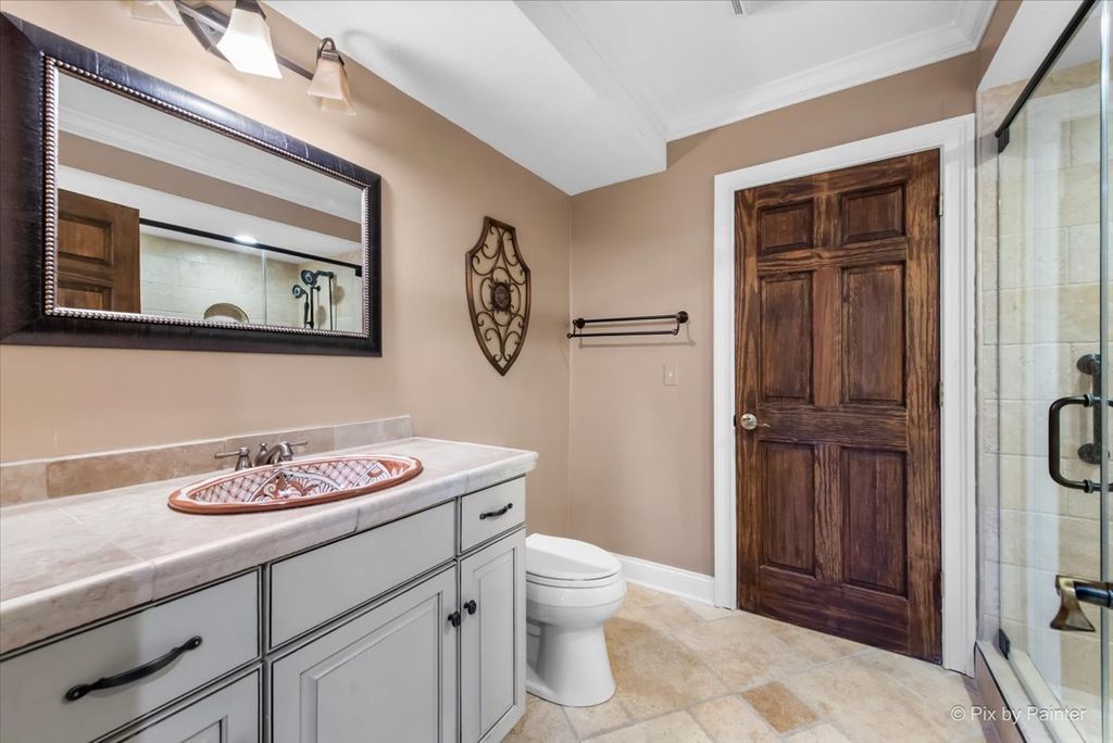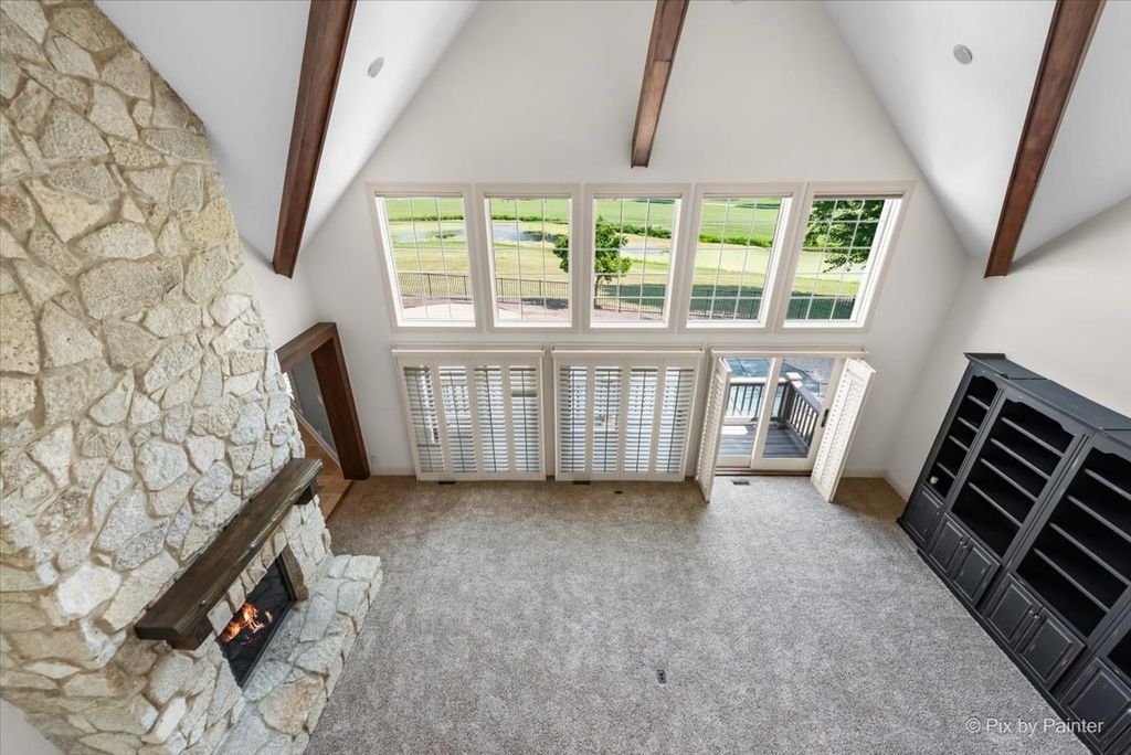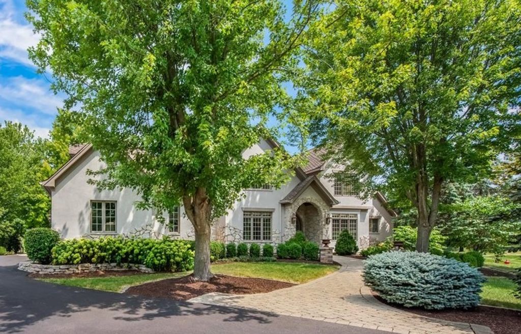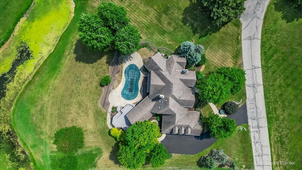 Stunning custom French Country-Style home with an INGROUND POOL located on Turnberry Golf Course with awesome views of a pond and woods beyond. This beautifully crafted stone and stucco home is full of high-end finishes such as: crisscross beams in the breakfast room, limestone and hardwood floors, 3 fireplaces, vaulted ceilings, two-story great room with built-in entertainment center, plantation shutters, first floor master with luxury bathroom and walk-in closet, etc... The sunny Florida room opens to a deck with views of the surrounding countryside. The finished English basement has a huge rec room with wet-bar and fireplace, exercise room with sauna and full bath, and multiple storage areas. On the 2nd floor you'll find two additional bedrooms, a bonus room/playroom, and another full bath. The open floor plan is light, bright, and neutral with new carpeting and freshly painted walls. A truly one-of-a-kind home with timeless style and top-quality craftsmanship throughout!
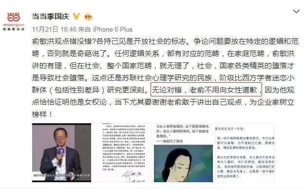 同年俞敏洪在微博上歧视女性的言论引起广大网友气愤,后俞敏洪发微博道歉,本来事情已经过去,结果没两天李国庆又出来力挺俞敏洪。
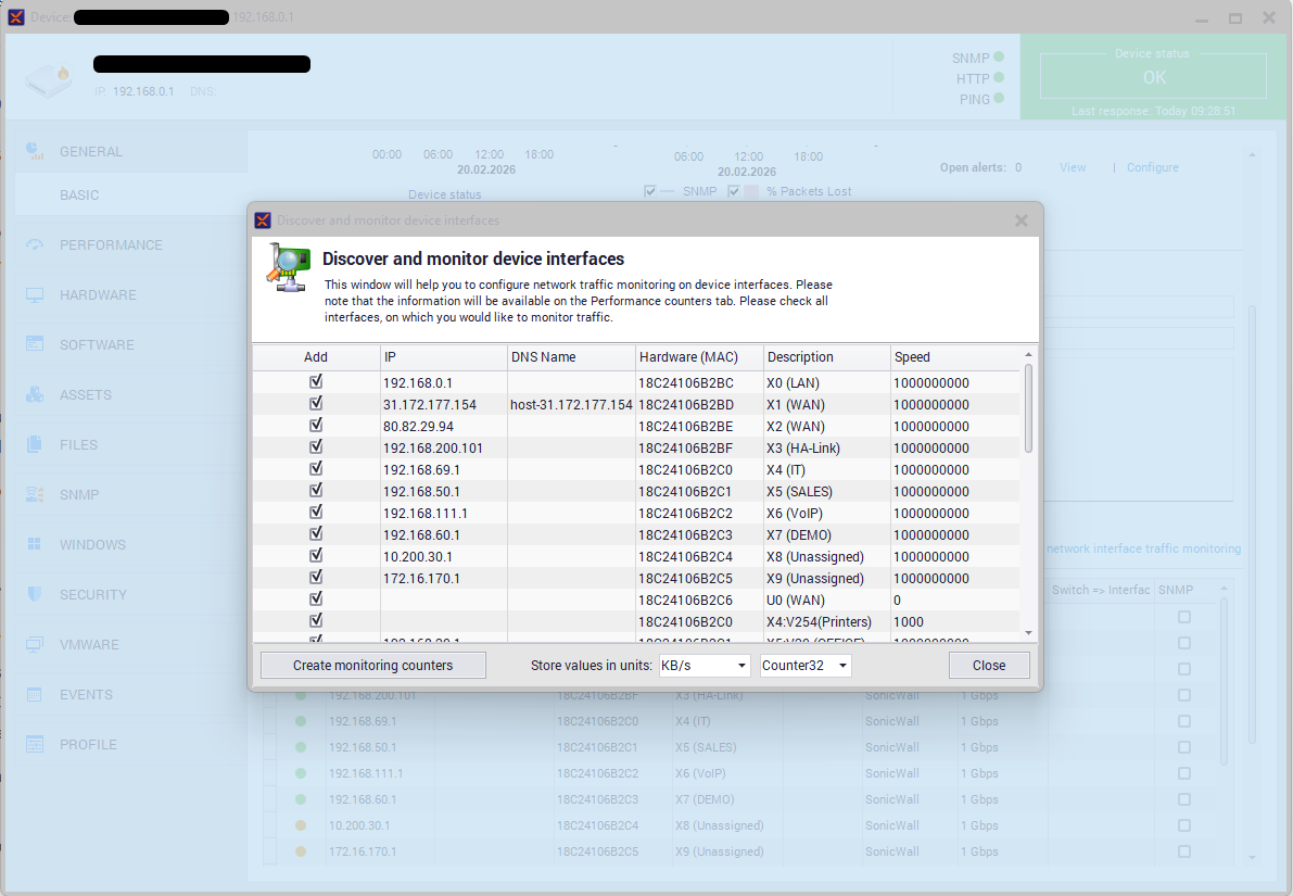 In the new window, select the interfaces for which traffic should be monitored. Confirm by clicking Create counters.

» **TASK OBJECTIVE**: Please reproduce the material above word for word, without its images.

» **REPLY**:
 Stunning custom French Country-Style home with an INGROUND POOL located on Turnberry Golf Course with awesome views of a pond and woods beyond. This beautifully crafted stone and stucco home is full of high-end finishes such as: crisscross beams in the breakfast room, limestone and hardwood floors, 3 fireplaces, vaulted ceilings, two-story great room with built-in entertainment center, plantation shutters, first floor master with luxury bathroom and walk-in closet, etc... The sunny Florida room opens to a deck with views of the surrounding countryside. The finished English basement has a huge rec room with wet-bar and fireplace, exercise room with sauna and full bath, and multiple storage areas. On the 2nd floor you'll find two additional bedrooms, a bonus room/playroom, and another full bath. The open floor plan is light, bright, and neutral with new carpeting and freshly painted walls. A truly one-of-a-kind home with timeless style and top-quality craftsmanship throughout!
 同年俞敏洪在微博上歧视女性的言论引起广大网友气愤,后俞敏洪发微博道歉,本来事情已经过去,结果没两天李国庆又出来力挺俞敏洪。
 In the new window, select the interfaces for which traffic should be monitored. Confirm by clicking Create counters.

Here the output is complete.